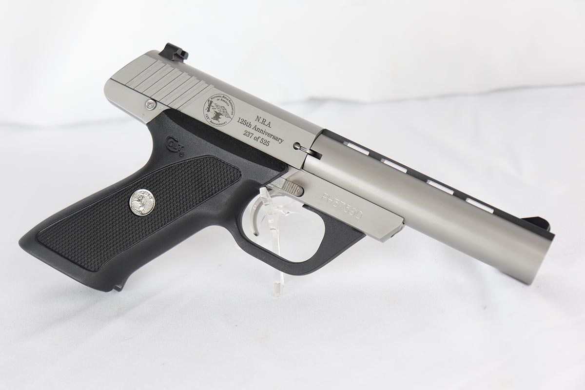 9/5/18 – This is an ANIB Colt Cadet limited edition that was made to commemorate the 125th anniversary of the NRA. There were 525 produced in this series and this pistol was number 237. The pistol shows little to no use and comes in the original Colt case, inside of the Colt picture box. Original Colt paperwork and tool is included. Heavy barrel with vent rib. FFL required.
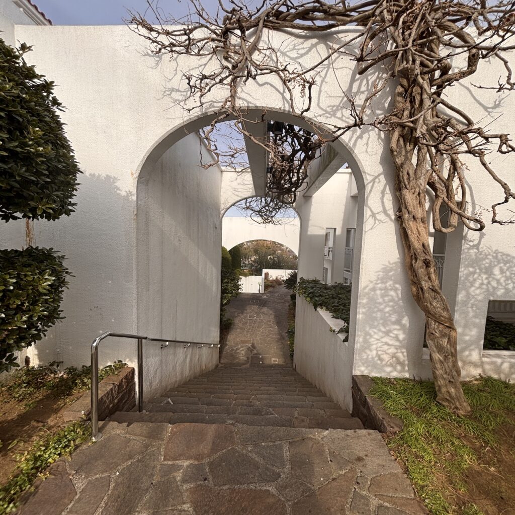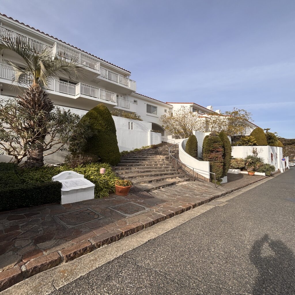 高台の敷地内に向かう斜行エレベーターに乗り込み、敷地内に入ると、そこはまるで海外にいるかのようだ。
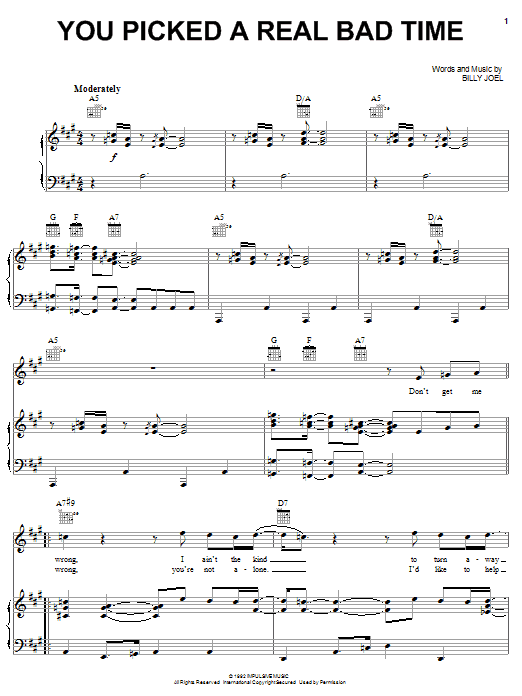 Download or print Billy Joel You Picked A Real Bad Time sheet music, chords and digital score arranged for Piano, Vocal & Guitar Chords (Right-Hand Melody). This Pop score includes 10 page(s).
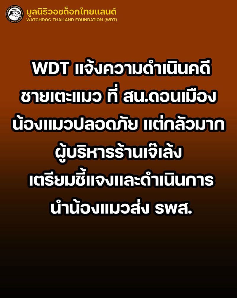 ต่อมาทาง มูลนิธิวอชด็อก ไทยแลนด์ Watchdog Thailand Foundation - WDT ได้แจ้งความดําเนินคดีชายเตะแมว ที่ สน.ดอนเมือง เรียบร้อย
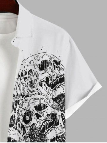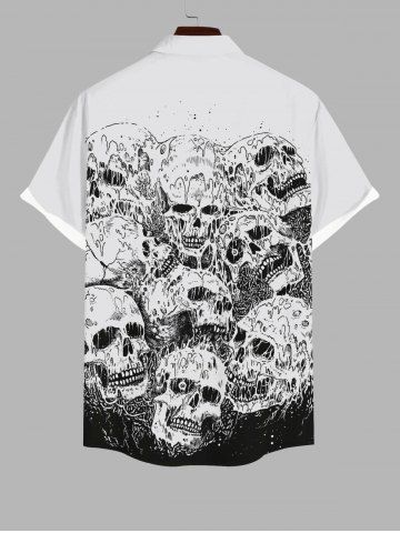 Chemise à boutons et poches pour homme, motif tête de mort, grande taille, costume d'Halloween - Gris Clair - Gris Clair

==

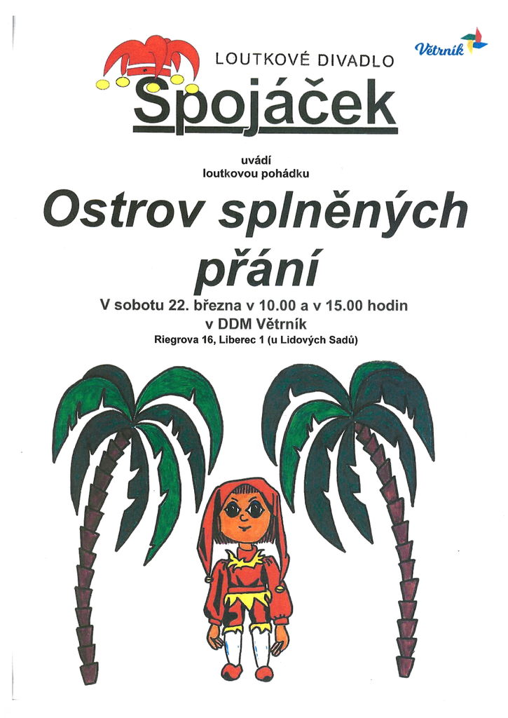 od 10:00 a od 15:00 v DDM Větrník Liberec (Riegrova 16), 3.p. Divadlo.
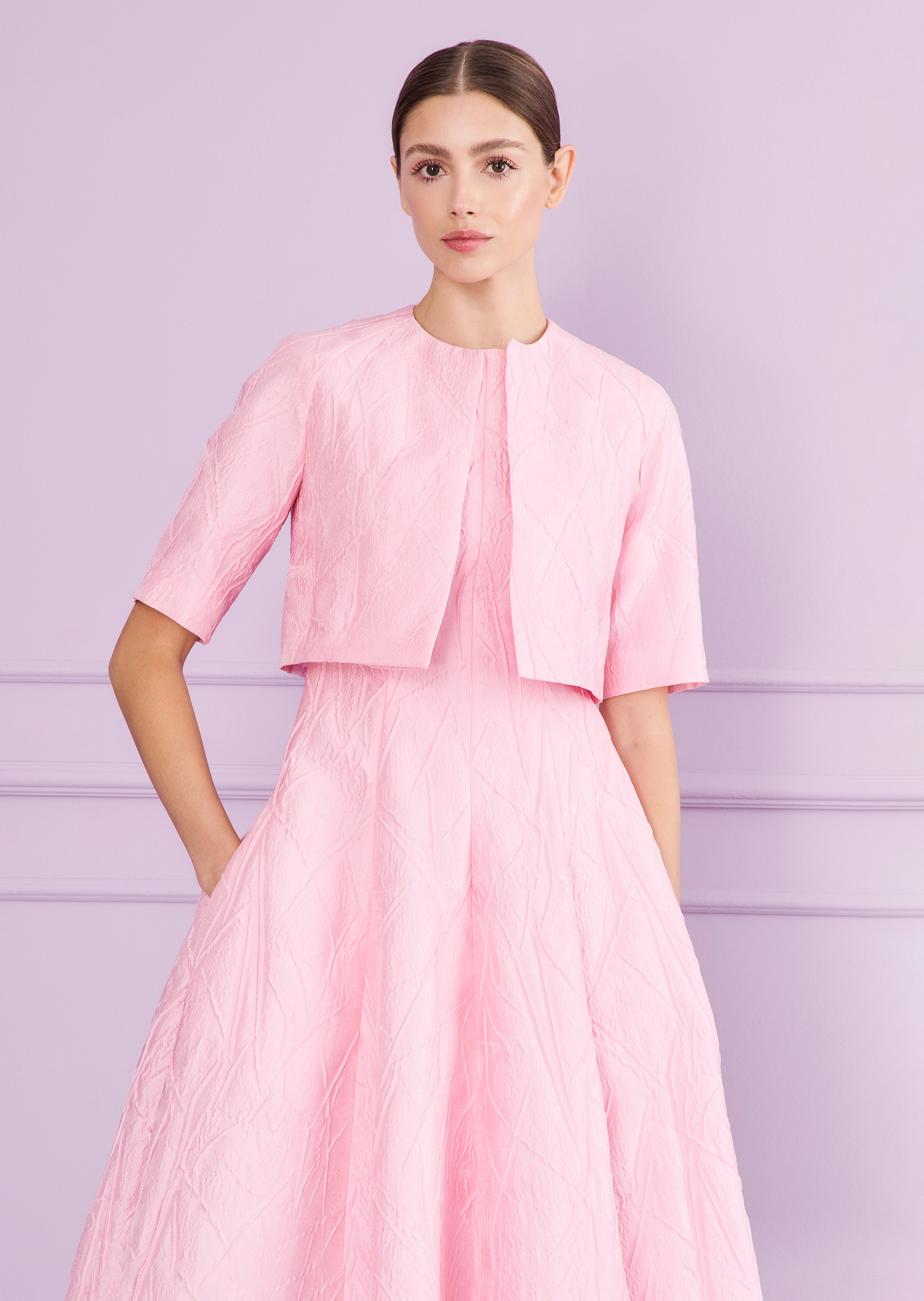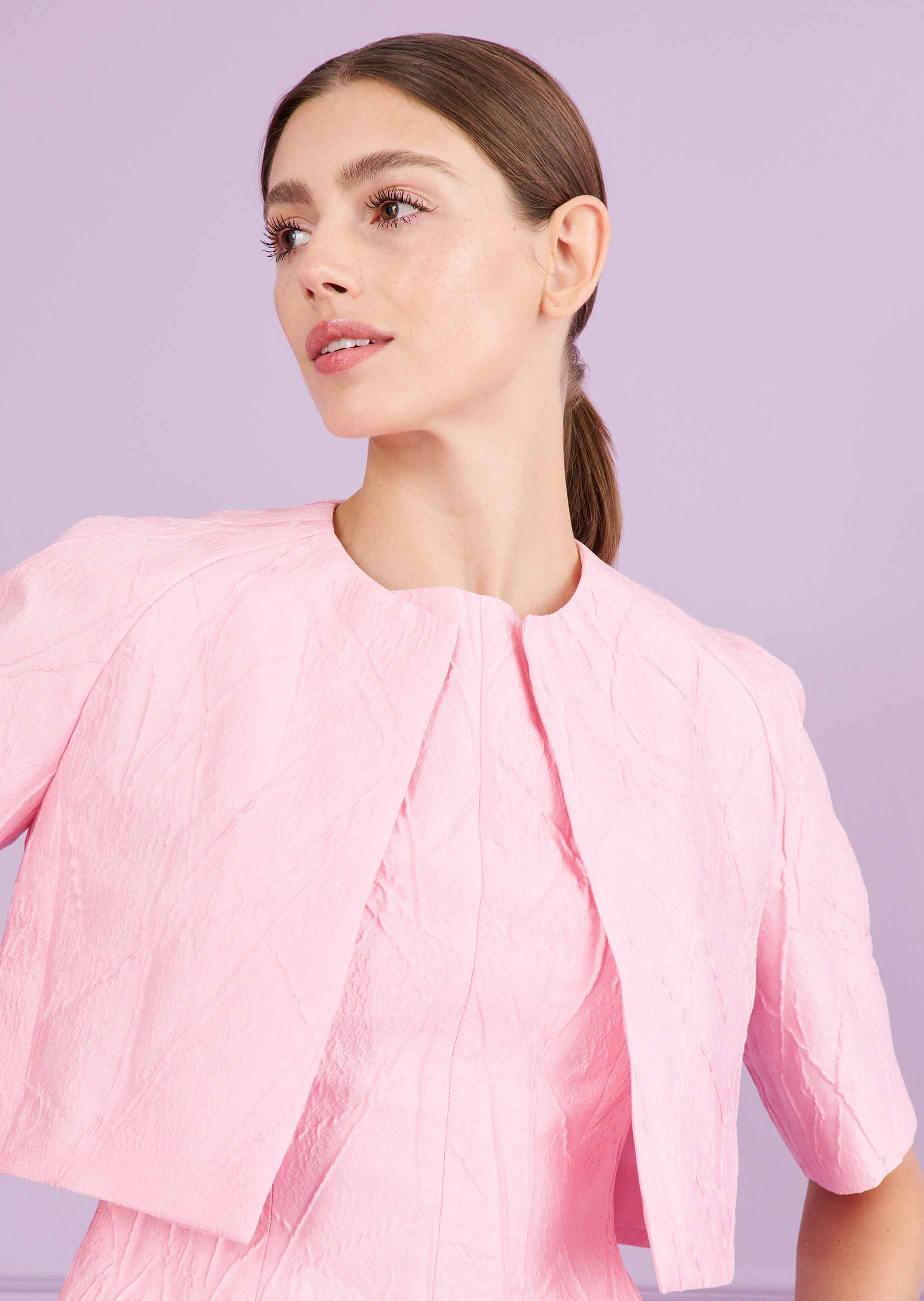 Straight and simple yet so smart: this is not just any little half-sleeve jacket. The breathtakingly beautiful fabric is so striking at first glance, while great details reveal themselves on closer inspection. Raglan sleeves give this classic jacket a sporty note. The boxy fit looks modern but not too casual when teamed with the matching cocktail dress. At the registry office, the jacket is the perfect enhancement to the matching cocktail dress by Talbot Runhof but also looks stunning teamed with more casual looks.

Aim of the task: Once the line with "ต่อมาทาง มูลนิธิวอชด็อก ไทยแลนด์" is found in the data above, reproduce it and each line after it exactly, through the line with "Chemise à boutons". Omit the pictures.

Result:
 ต่อมาทาง มูลนิธิวอชด็อก ไทยแลนด์ Watchdog Thailand Foundation - WDT ได้แจ้งความดําเนินคดีชายเตะแมว ที่ สน.ดอนเมือง เรียบร้อย
 Chemise à boutons et poches pour homme, motif tête de mort, grande taille, costume d'Halloween - Gris Clair - Gris Clair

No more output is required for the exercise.